新日鉄住金の韓国資産、差し押さえも 徴用工訴訟の原告代理人らが協議要請

 韓国最高裁が新日鉄住金に賠償を命じた元徴用工訴訟の原告代理人らが4日、東京都千代田区の新日鉄住金本社を訪れ、賠償方法などに関する協議を申し入れる要請書を受付に手渡した。その後、日本外国特派員協会で記者会見し、24日までに同社から回答がなければ、年内に韓国内の資産の差し押さえ手続きに入る考えを明らかにした。
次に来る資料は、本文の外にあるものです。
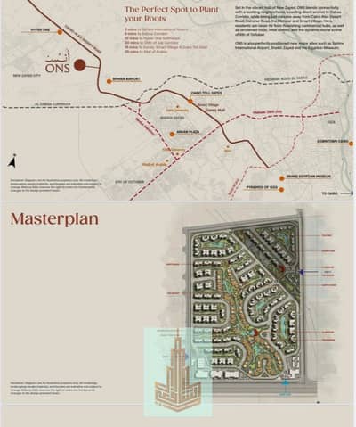 This luxurious residential unit is part of the Ons Project in New Zayed, spanning an area of 84 acres, located directly in front of Sphinx International Airport and just one minute away from the Cairo – Alexandria Desert Road, making it a highly strategic and easily accessible location. The project was meticulously designed by Alchemy, with master plans and 3D designs that provide a modern and fully integrated living environment.
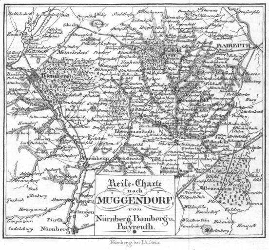 | Keywords: Fränkische Schweiz Muggendorf Karte 1843 001.jpg  Muggendorf von Nürnberg Bamberg u Bayreuth http //bvbm1 bib-bvb de Verlag J A Stein Nürnberg 1843 PD-old-100 Franconian Switzerland History of Franconian Switzerland Maps of Upper Franconia Old maps of Bavaria 1843 in Bavaria Collections of Staatsbibliothek Bamberg |
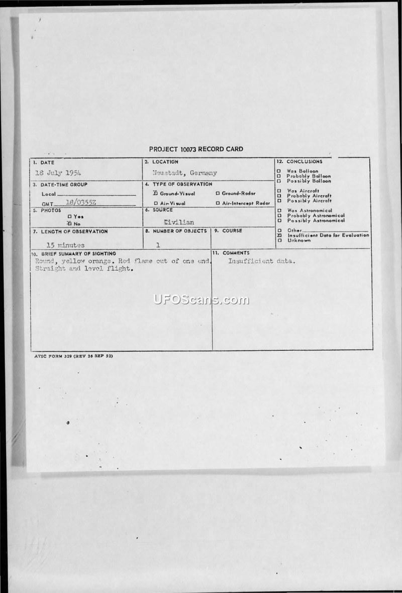 Project 10073 Record Card — Neustadt, Germany, 18 July 1954
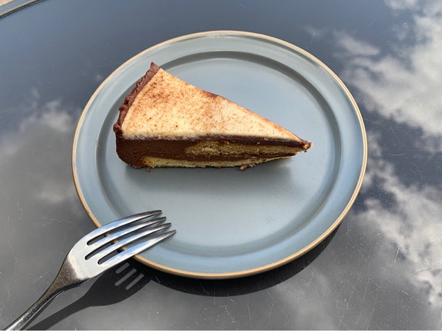 朋友推荐的网红店,离南锣鼓巷很近。 天气非常好,我们直扑顶楼的露天座位,撑上阳伞不至于太晒,初夏的风还让人觉得有些凉爽,非常舒服。顶楼的位子不少,如果坐满会稍显拥挤。 冷萃总体口感不错,入口有一点点涩,回味有些反酸,搭配巧克力慕斯也算合适。蛋糕甜度适中,吃起来不会太腻。
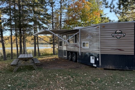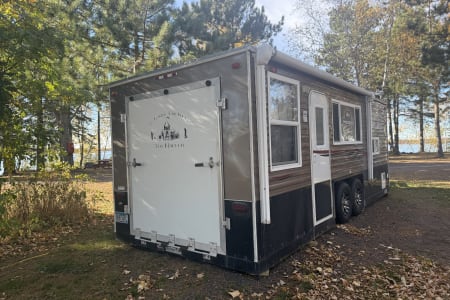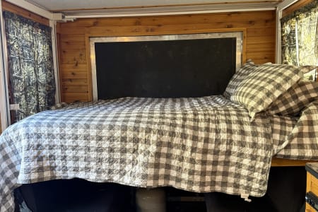 This is a 10 hole fish house. It is perfect for year round camping. There is heat and ac to keep you comfortable in any temperature. It has room to haul toys if desired. There are 3 beds. One bed lifts from the ceiling, one is a futon couch, and the dinette turns into a bed. There is a tv that gets local channels depending on location. There is also a radio with Bluetooth and a spot for CDs. The bathroom can be used year round!
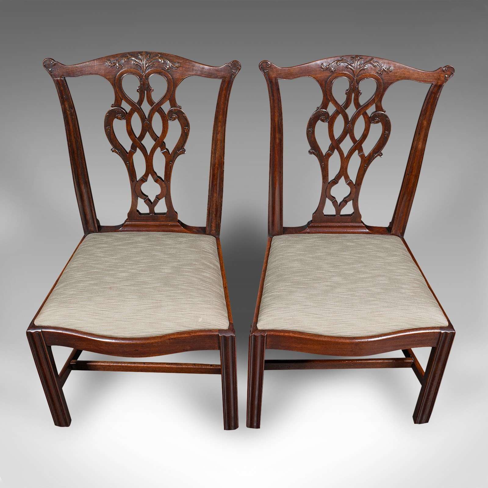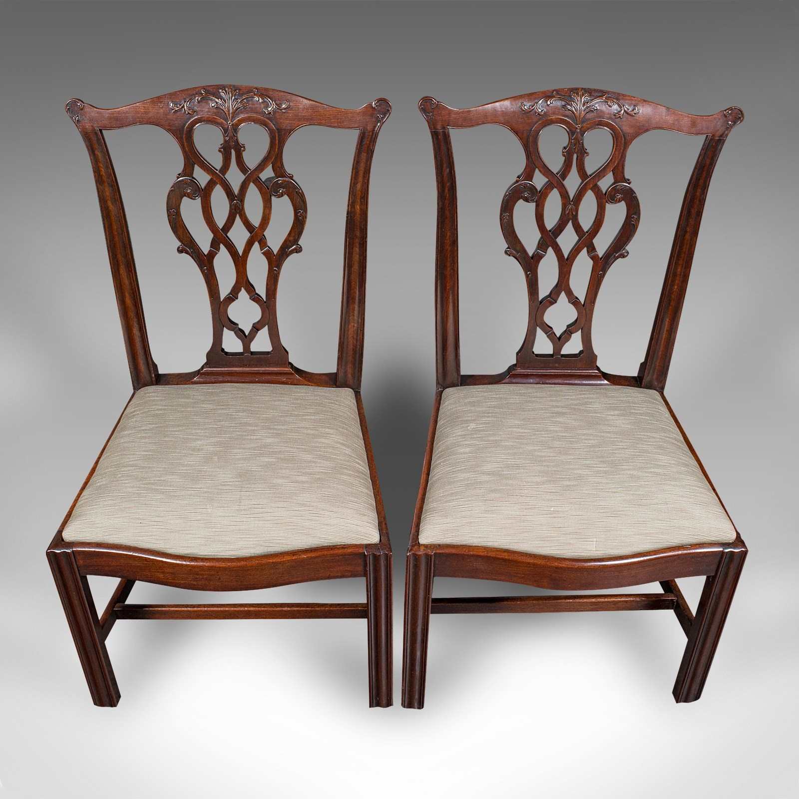 Superb Chippendale revival chairs, with appealing upholstery and generous width

 代理人の林宰成弁護士と金世恩弁護士は会見で、新日鉄住金が韓国内に持つ資産には、同社と韓国鉄鋼大手ポスコの合弁会社の株式約11億円相当や3000件以上の知的財産権などがあると説明。一方「資産の差し押さえ手続きと、資産を現金化する手続きは別物だ」とし、差し押さえ後もあくまで協議を通じた解決を優先する立場を強調した。

 代理人らは本社を訪れた際、新日鉄住金側との面会も求めたが断られ、要請書を受付に預けた。11月12日にも訪問したが、その際は警備員が「(判決は)日韓請求権協定や日本政府の見解に反するもので遺憾だ」と伝達。代理人らは要請書を持ち帰っていた。

 林氏は会見で、訴訟を長年担当してきた弁護士が2度来日したのだから「顔ぐらい見せてくれてもいいのではないか」と述べ、同社の対応は「ひきょうだ」と批判した。